Single by Robert Plant and Alison Krauss

from the album Raising Sand
- Released: October 23, 2007
- Recorded: 2007
- Genre: R&B, folk rock
- Length: 4:05
- Label: Rounder
- Songwriters: Dorothy LaBostrie, McKinley Millet
- Producer: T Bone Burnett

Robert Plant singles chronology
| "Please Read the Letter" (2008) | "Rich Woman" (2008) | "Sliver Rider" (2010) |

Alison Krauss singles chronology
| "Please Read the Letter" (2008) | "Rich Woman" (2008) | "Shadows" (2008) |

= Rich Woman =

"Rich Woman" is a song written by Dorothy LaBostrie and McKinley "Li'l" Millet, who recorded it in 1955, and was most notably recorded by Robert Plant and Alison Krauss on their 2007 album Raising Sand.

==Background==
The song was first recorded by Li'l Millet and his Creoles, for Specialty Records. He co-wrote the song with LaBostrie, who had previously co-written "Tutti-Frutti" with Little Richard. Li'l Millet and His Creoles played clubs in Louisiana and Mississippi. They were heard playing at a club in Thibodaux, Louisiana by Bumps Blackwell of Specialty Records, who signed them to a contract and first recorded them at Cosimo Matassa's J&M Studios in September 1955 and released in November 1955. The band comprised Millet (vocals, bass), Edgar Myles (vocals, trombone), Lee Allen (tenor sax), Ernest Mare (guitar), Bartholomew Smith (drums), James Victor Lewis (tenor sax) and Warren Myles (piano).

==Cover versions==
Canned Heat recorded it for their eponymous first album, in 1967, on Liberty Records.

The Fabulous Thunderbirds included it on their eponymous first album (also known as Girls Go Wild) in 1979, on Chrysalis Records.

Robert Plant & Alison Krauss opened their 2007 album Raising Sand with their version of the song.

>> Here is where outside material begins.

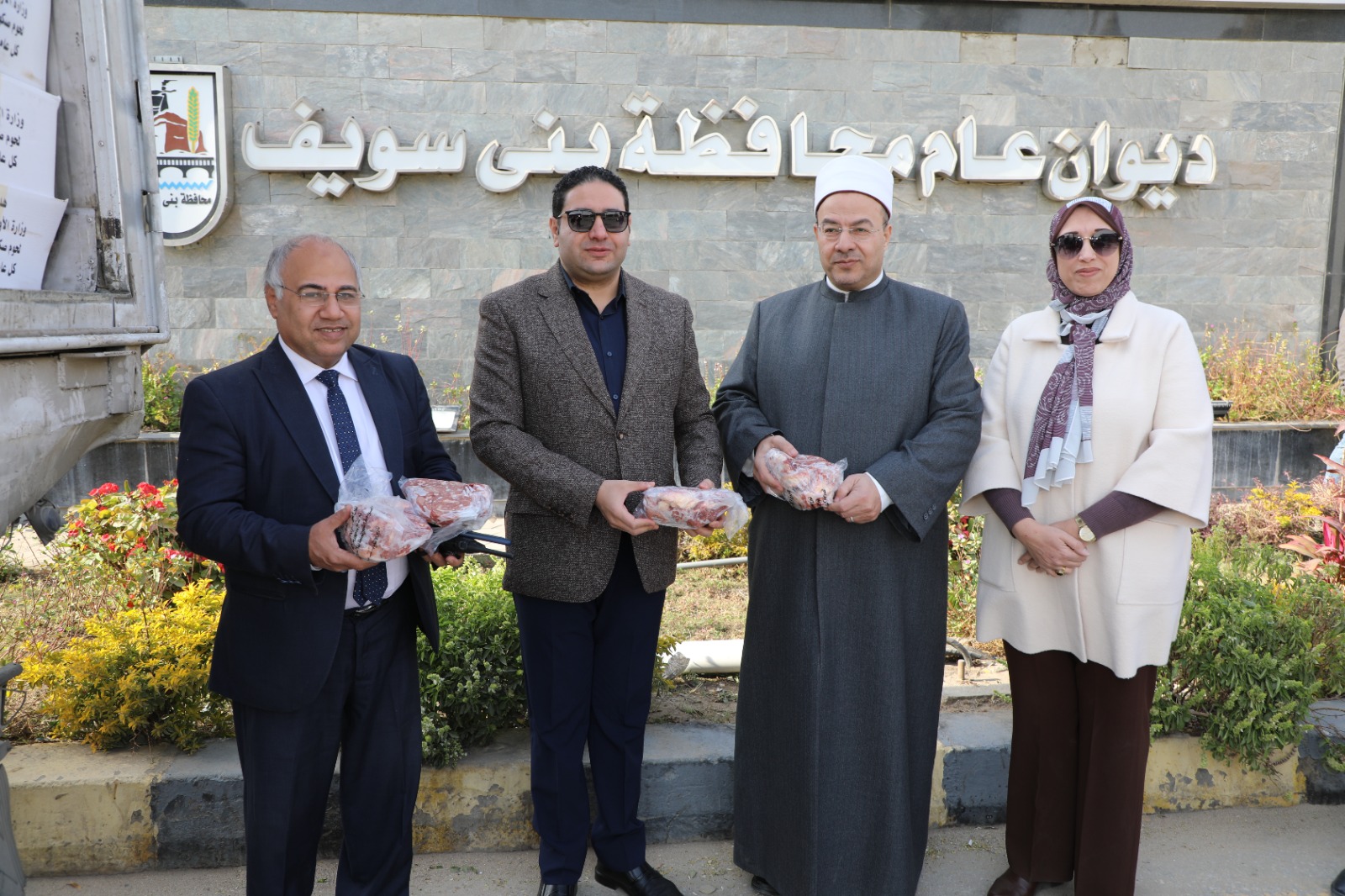 حبش يشرف على استلام 2.5طن لحوم أضاحى ببنى سويف

Boz Scaggs opened his 2015 album A Fool To Care, with his version on the indie label, 429 Records. His version most closely resembles the Li'l Millet original.

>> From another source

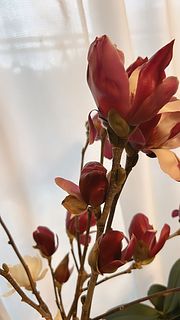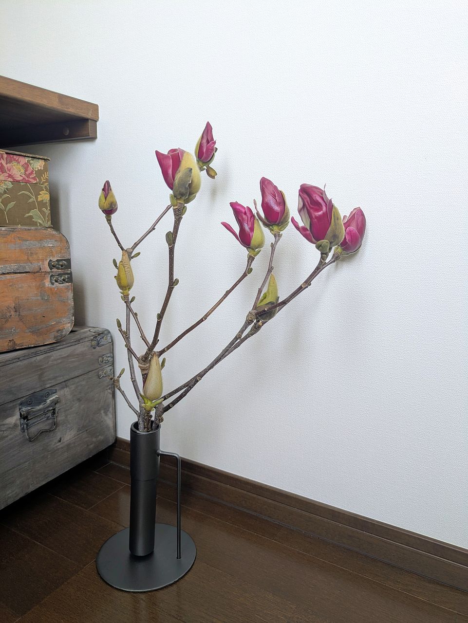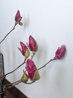 先日届いた白木蓮の花びらが散ってきたちょうど良いタイミングで販売されていた錦木蓮を注文しました。 フローリストのたいちさんが「咲いたらとても美しい」とおっしゃっていたので家の中で愛でたくて✨ まだ蕾ですがすでに蕾の外側の皮が取れてきて赤紫芋色に色付いています。MarsのLに入れました。 3本でも立派で咲くのがとても楽しみです♡

==Robert Plant & Alison Krauss version==
Country singer Alison Krauss and former Led Zeppelin vocalist Robert Plant included their version on their 2007 duet album Raising Sand; at the suggestion of their noted producer T Bone Burnett. It was also released as a CD single and as a digital download.

It won the 2009 Grammy Award for Best Pop Collaboration with Vocals.

===Live performances===
Plant & Krauss performed this song along with their first single "Gone, Gone, Gone (Done Moved On)" at the 51st Annual Grammy Awards in 2009. They also performed this song at the JazzFest 2008.

===In popular culture===
The single was prominently featured in the motion picture, Mad Money, starring Diane Keaton, Katie Holmes and Queen Latifah, as background music, constantly throughout the film, which alternatively ties into the film score.

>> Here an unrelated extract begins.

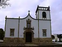 De arquitetura simples, encontra-se erguida em alvenaria de pedra rebocada e caiada, e apresenta um corpo principal de planta retangular com diversos corpos adossados, correspondentes ao batistério, à torre sineira (a Leste), aos braços do falso transepto e à sacristia. A capela-mor, de planta rectangular, é mais estreita que o corpo principal. O conjunto é acedido por uma escadaria e um adro, à esquerda do qual se ergue o "theatro", para a realização dos tradicionais Impérios.

It can also be heard in the motion picture Sicario, starring Emily Blunt, Benicio del Toro, and Josh Brolin.

The original Rich Woman by Li'l Millet and His Creoles is the final song of the end credits of Green Book, the 2019 Best Film Oscar winner

===Chart performance===
The song entered the Billboard Bubbling Under Hot 100 Singles chart at #18 on the week of February 28, 2009. It only stayed on the chart for a week.